Tous les signaux sont au vert: les États-Unis devraient prolonger en 2018 l'un des cycles de croissance les plus longs de leur histoire, les émergents se reprennent après le coup de mou de 2014, avec la Chine comme locomotive et des pays comme le Brésil qui sortent de la récession. Enfin la zone euro, dernière région à prendre le train de la croissance en marche, a retrouvé beaucoup de tonus.
"La crise qui a frappé notre continent (...) est derrière nous et cette croissance nous donne des raisons de penser qu'elle est durable", s'est félicité le commissaire européen aux Affaires économiques, Pierre Moscovici.
Le FMI et l'OCDE tablent du coup sur une croissance mondiale à 3,7% l'an prochain et renouent avec un optimisme rarement exprimé depuis une dizaine d'années, qui contraste avec le pessimisme ambiant d'il y a à peine un an après le vote britannique sur le Brexit et l'élection de Donald Trump sur un programme protectionniste.
Les institutions internationales s'empressent toutefois de modérer l'enthousiasme général et appellent les États à profiter "du beau temps pour réparer la toiture", comme l'a maintes fois répété la directrice générale du FMI, Christine Lagarde. En clair, c'est le moment de mettre en œuvre les réformes qui permettront de mieux résister aux prochaines tempêtes.
D'autant que les risques d'une nouvelle crise ne sont pas exclus: le FMI, l'OCDE et de nombreux économistes ont multiplié les avertissements ces derniers temps sur les dangers d'un endettement croissant du secteur privé, à un moment où la Fed et la BCE mettent progressivement fin à leur politique accommodante de ces dernières années.

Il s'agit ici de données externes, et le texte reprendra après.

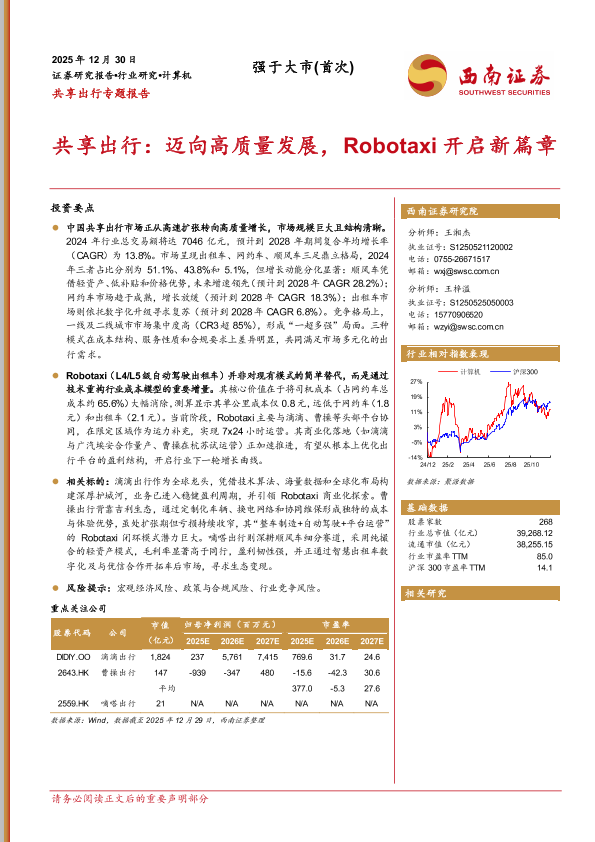 【西南证券】【2025】共享出行:迈向高质量发展,Robotaxi开启新篇章-25页
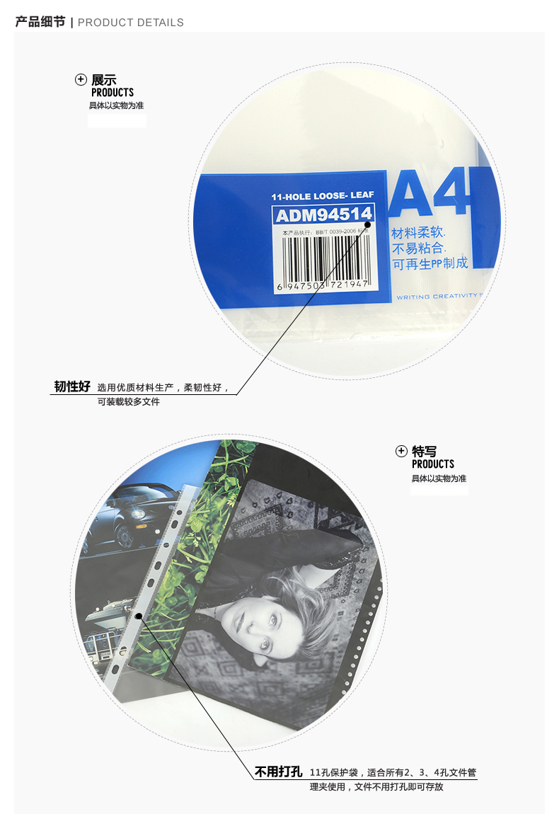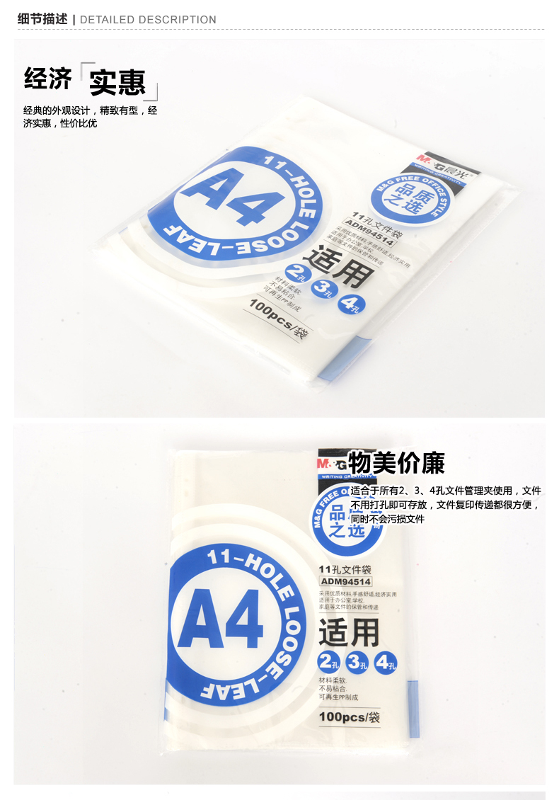 晨光11孔保护袋活页ADM94514(338*282*397mm)包装100/2000/4000
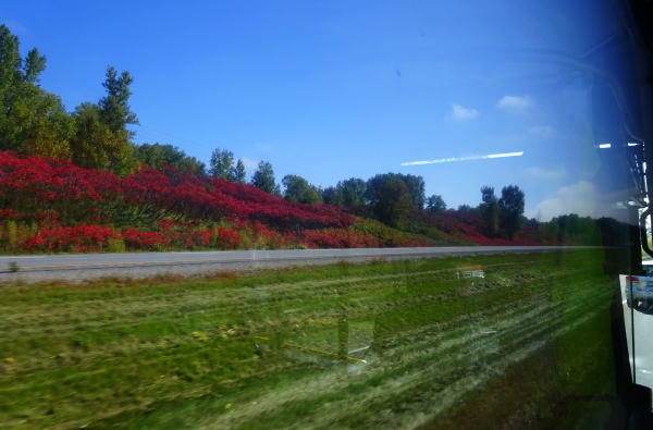 グレイハウンド.バスは道両側が紅葉並木のメープル街道ひた走り、モントリオールのバスターミナルに12:30到着して地下鉄でホテルに向かう。 |
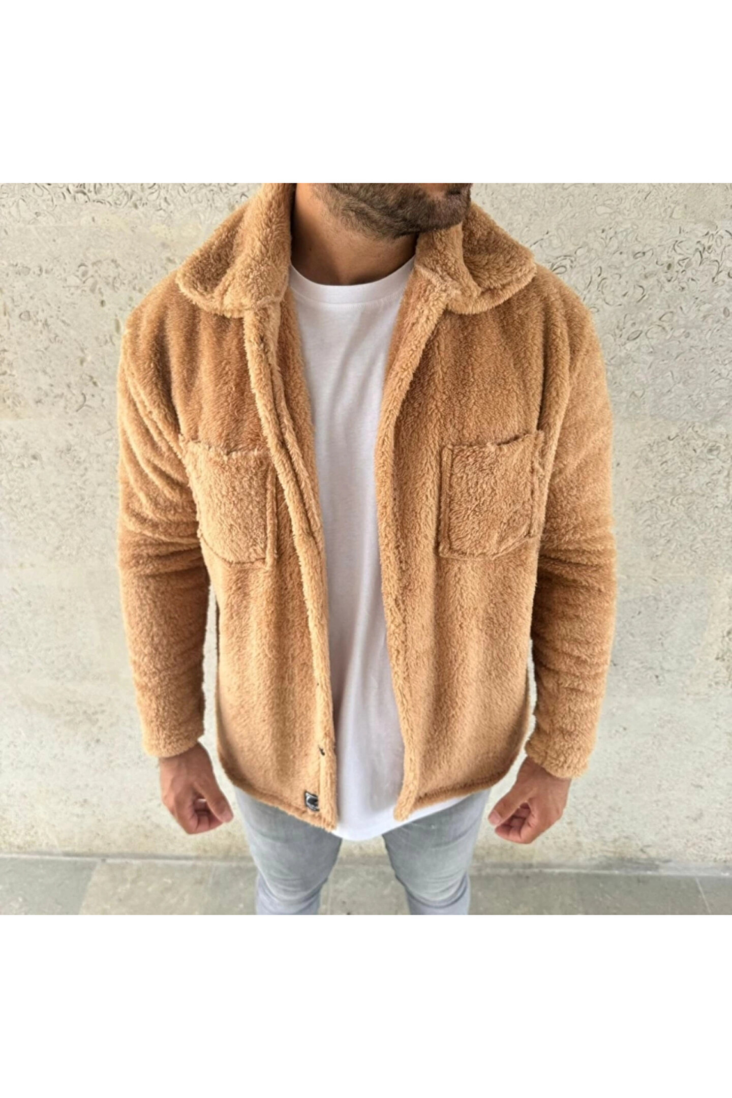 Erkek Pelüş Polar Hırka Gömlek – Yakalı, İlik Düğmeli, Göğüs Cepli, Yumuşak Dokulu Kışlık Regular Fit Rahat Günlük Model - Açık Kahve
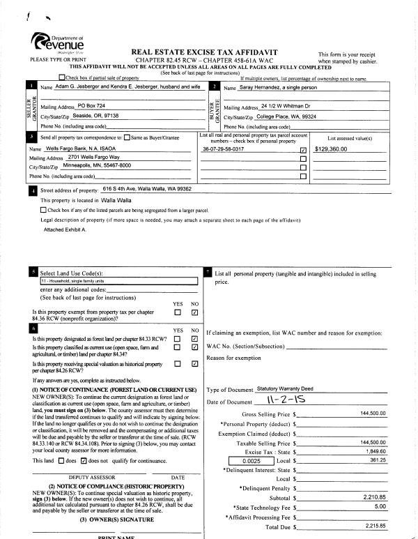 | 1 | 11/04/2015 | SWD | STATUTORY WARRANTY DEED | JESBERGER ADAM G | HERNANDEZ SARAY | | | $144,500.00 | 129129 | 2015-09608 |
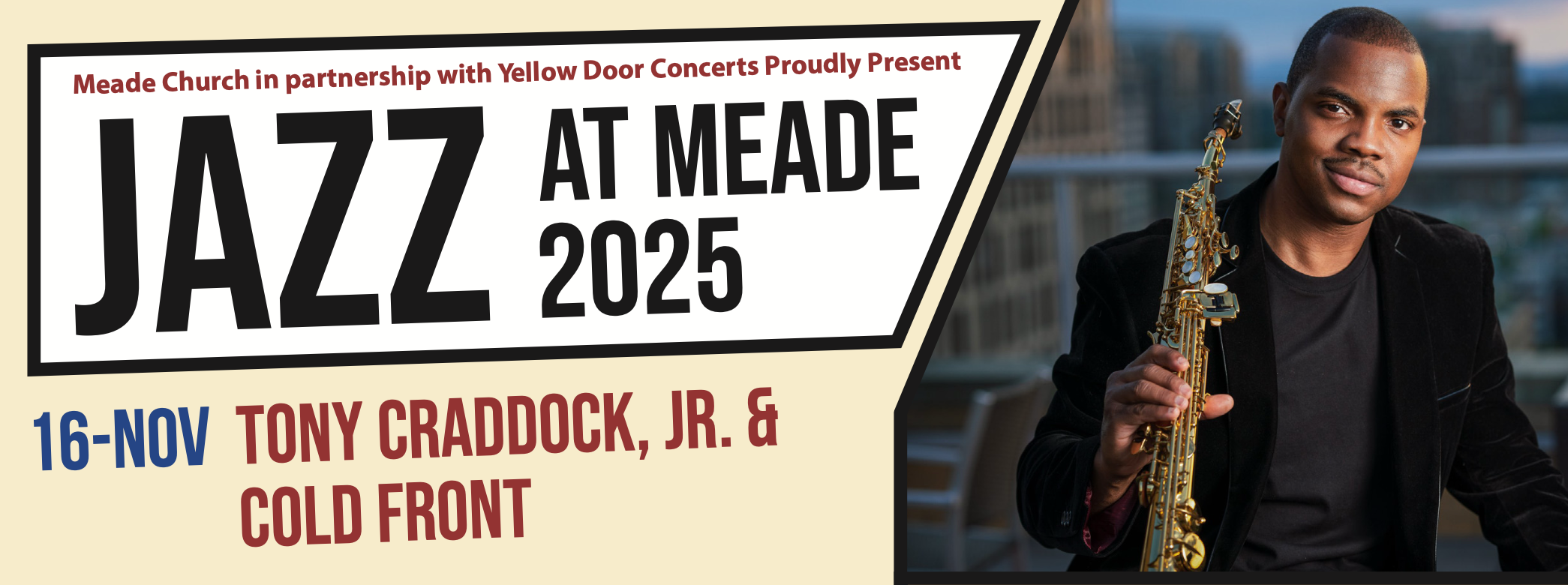 Meade Church in partnership with Yellow Door Concerts presents Jazz at Meade. All concerts are held on Sunday afternoon from 4-6 pm. Light refreshments/Street parking. Featured Artist on November 16th is Tony Craddock, Jr. & Cold Front (See websites for more information about the artist).
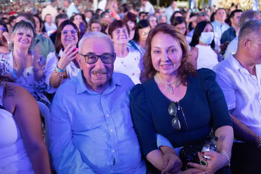 O irmão de Roberto Carlos, Carlos Alberto Braga e a esposa Maria de Fátima Veloso, prestigiando o grande espetáculo do artista em sua terra natal.
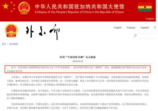 但这事不仅遭到中国驻加纳共和国大使馆驳斥,多家加纳主流新闻网站同样也刊登评论文章《中非关系展望》,声援中国。
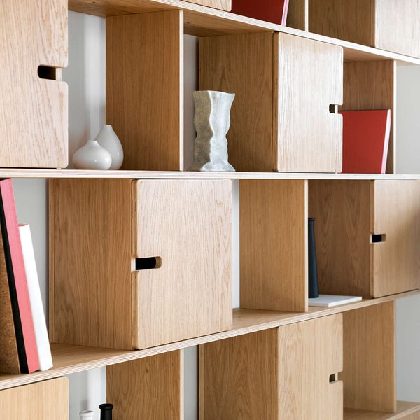 Espaço Interno: Modelo estante com prateleiras ajustáveis e sistema de arrumação coberto por porta batente
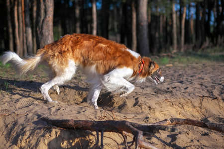 Red and white puppy of borzoi walks outdoor at autumn day, russian sighthound, eight months
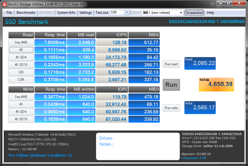 You may not see this for long (and its definitely not common) but you get a freebee simply for reading! Over the last little while, we have been assisting with beta testing new benchmark software called Anvil Storage Utilities which is an absolutely amazing SSD benchmarking utility. Not only does it have a preset SSD benchmark, but also, it has included such things as endurance testing and threaded I/O read, write and mixed tests, all of which are very simple to understand and utilize in our benchmark testing.

"L'endettement des ménages et des entreprises a atteint des niveaux records dans de nombreux pays", a récemment constaté le secrétaire général de l'OCDE, Angel Gurria, pointant notamment les entreprises dites "zombies" qui survivent en se finançant grâce à de l'argent pas cher et qui pourraient se retrouver la tête sous l'eau lorsque les taux remonteront.
"C'est un vrai sujet", explique un spécialiste de la dette publique, qui s'est exprimé sous couvert de l'anonymat. "L'endettement des entreprises dans certains grands pays émergents devient massif avec pour certaines d'entre elles un problème de surendettement et donc des difficultés pour rembourser quand les taux d'intérêt vont remonter", a expliqué cette source.
"Dès que l'une de ces entreprises devient systémique, l'État va être contraint de la renflouer pour la sauver, provoquant un transfert de la dette du privé au public" comme après la crise financière de 2008, quand des pays comme l'Espagne ou l'Irlande ont porté secours à leurs banques.
Cette fois-ci, c'est la Chine qui se retrouve principalement sous le feu des projecteurs, au point que le FMI a prévenu début décembre que les banques du géant asiatique sont mal armées pour faire face à des risques financiers persistants, comme ces "sociétés zombies" ne survivant qu'à crédit et l'explosion de produits d'investissement mal régulés.
Face à cette situation, Angel Gurria fait confiance aux autorités chinoises: "Oui, c'est un problème. Oui, il est connu et il a été identifié, mais compte tenu des capacités des autorités chinoises à réagir rapidement sur ce sujet, nous pensons que la situation n'est pas incontrôlée", a-t-il affirmé.
En cette fin d'année, le bitcoin, la monnaie virtuelle souvent décriée comme "une bulle spéculative" et qui ne cesse ne battre des records, a surgi comme une nouvelle préoccupation sur les marchés, surtout si ses acheteurs s'endettent pour s'en procurer.
"Ce qui est dangereux, c'est une combinaison d'une bulle avec de l'endettement", a expliqué l'économiste Agnès Bénassy-Quéré. "Je ne crois pas que le phénomène du bitcoin soit d'ampleur à déstabiliser les marchés, mais on disait la même chose des subprimes", les crédits immobiliers à l'origine de la crise, a-t-elle expliqué, appelant à la méfiance.